Dallas Federal Reserve (Fed) President Lorie Logan said on Friday that she did not see a need to cut rates this week; explaining that the economic outlook did not call for it, per Reuters.
"Would find it difficult to cut rates again in December, unless clear evidence of faster drop in inflation or rapid cooling in labor market."
"Risks to labor market mainly to the downside, but US central bank can address promptly if needed."
"Inflation is not convincingly headed to central bank's 2% target; Fed has an obligation to deliver."
"Labor market roughly balanced, cooling slowly."
"Inflation too high and likely to exceed 2% goal for too much longer."
"Alternative data provides visibility into state of economy."
"Breakeven payroll growth has likely fallen to 30,000 jobs per month."
"Layoffs, unemployment claims have stayed low, though mindful of recent layoff announcements."
"Consumer spending slightly exceeds longer-run trend; stock-market gains fuel wealthier households' demand."
These comments received a hawkish score of 6.8 from FXStreet Fedspeech Tracker. At the time of press, the US Dollar Index was up 0.2% on the day at 99.70.

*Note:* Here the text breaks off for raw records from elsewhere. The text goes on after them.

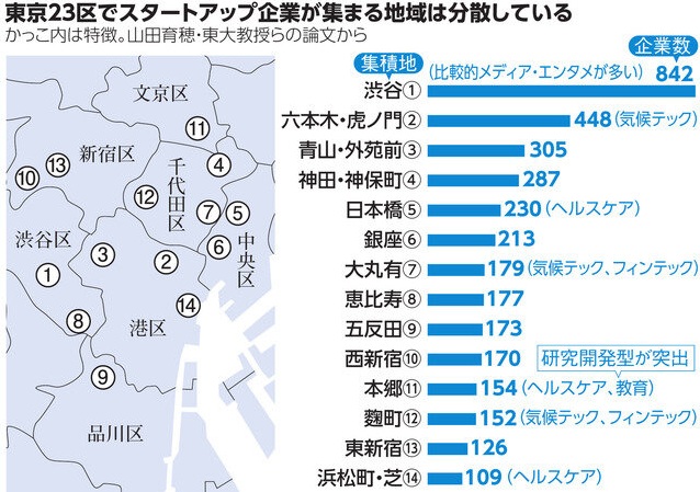 1万社規模のスタートアップ企業が集まる東京は、特定分野や地域への一極集中ではなく分散型のエコシステムを育んできました。世界を見ればIT・ソフトウェアが中心の米シリコンバレー、バイオ・医療に強いボストンなど、スタートアップ集積地には特色があります。しかし、スタートアップは23区全体に広がっているわけではなく、限られたエリアに集中しています。最大の集積地は渋谷で、メディア・エンタメ系を中心に数が多く、裾野が広くなっています。
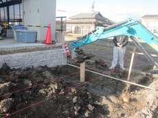 岡山市南区で造成工事中の現場にきています。既設のブロックを解体して、敷地を少し広げます。田んぼに土留ブロックをする為、基礎が下がらないように、松杭を打ち込んで、栗石を敷き、コンクリートをしっかり打ちこんでいきます。
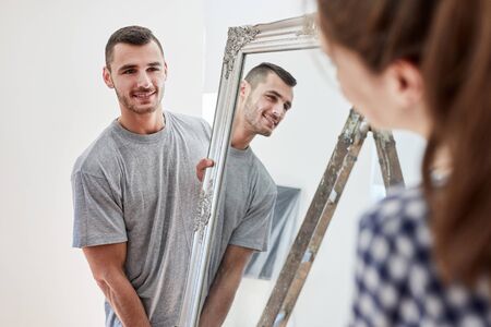 Narcissistic handsome young man admiring his reflection in the mirror in a show of self-absorption
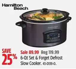 Canadian Tire 6-Q/L Set & Forget Defrost Slow Cooker Hamilton Beach offer6-Q/L Set & Forget Defrost Slow Cooker Hamilton BeachCanadian Tire$69.9918 December 202528 December 2025
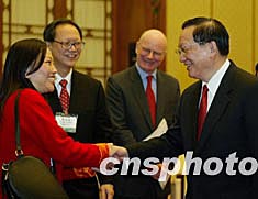 今天下午,唐家璇在人民大会堂会见了来京参加香港国泰航空公司复飞北京航线庆祝活动的香港各大商会及有关企业负责人。
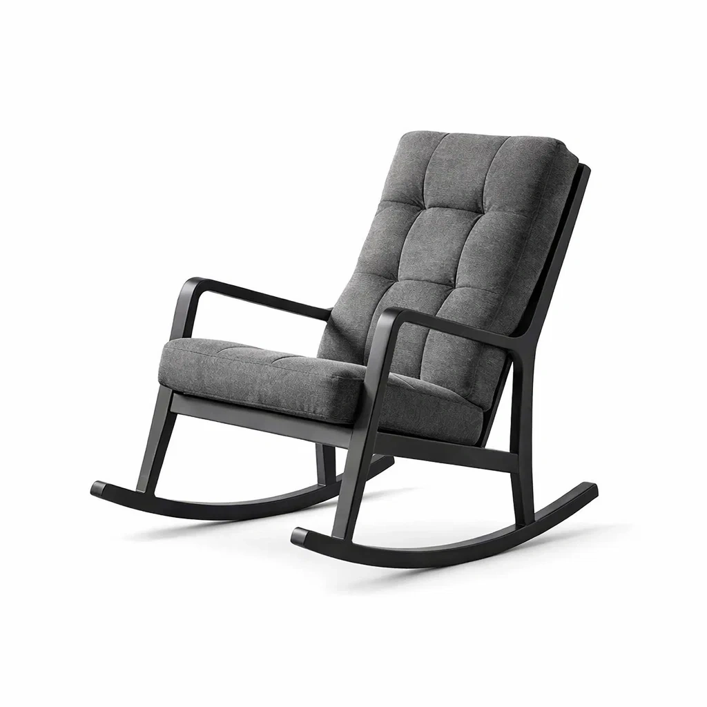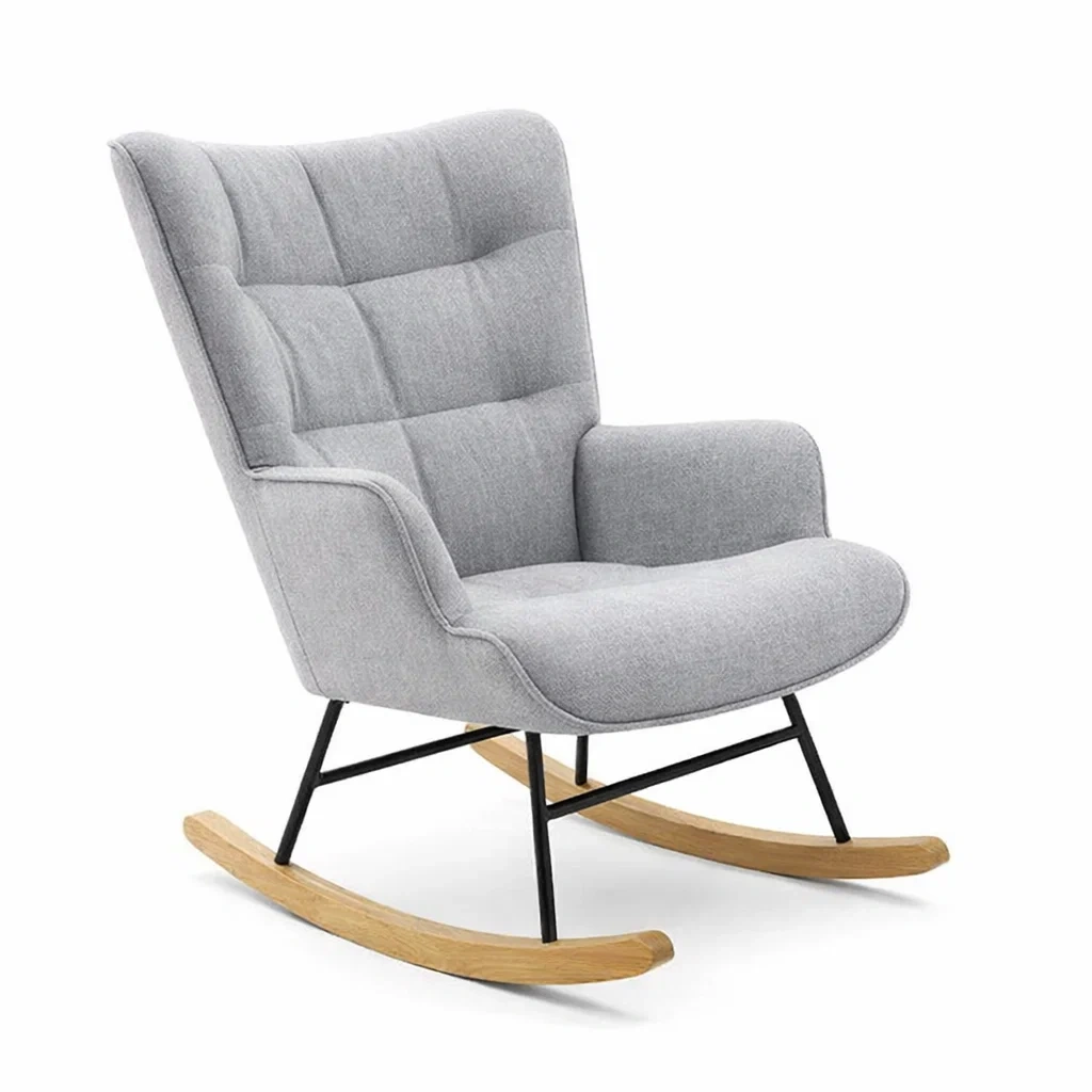 Sedia a dondolo in Legno di Quercia con Tessuto Grigio

Monetary policy in the US is shaped by the Federal Reserve (Fed). The Fed has two mandates: to achieve price stability and foster full employment. Its primary tool to achieve these goals is by adjusting interest rates. When prices are rising too quickly and inflation is above the Fed’s 2% target, it raises interest rates, increasing borrowing costs throughout the economy. This results in a stronger US Dollar (USD) as it makes the US a more attractive place for international investors to park their money. When inflation falls below 2% or the Unemployment Rate is too high, the Fed may lower interest rates to encourage borrowing, which weighs on the Greenback.
The Federal Reserve (Fed) holds eight policy meetings a year, where the Federal Open Market Committee (FOMC) assesses economic conditions and makes monetary policy decisions. The FOMC is attended by twelve Fed officials – the seven members of the Board of Governors, the president of the Federal Reserve Bank of New York, and four of the remaining eleven regional Reserve Bank presidents, who serve one-year terms on a rotating basis.
In extreme situations, the Federal Reserve may resort to a policy named Quantitative Easing (QE). QE is the process by which the Fed substantially increases the flow of credit in a stuck financial system. It is a non-standard policy measure used during crises or when inflation is extremely low. It was the Fed’s weapon of choice during the Great Financial Crisis in 2008. It involves the Fed printing more Dollars and using them to buy high grade bonds from financial institutions. QE usually weakens the US Dollar.
Quantitative tightening (QT) is the reverse process of QE, whereby the Federal Reserve stops buying bonds from financial institutions and does not reinvest the principal from the bonds it holds maturing, to purchase new bonds. It is usually positive for the value of the US Dollar.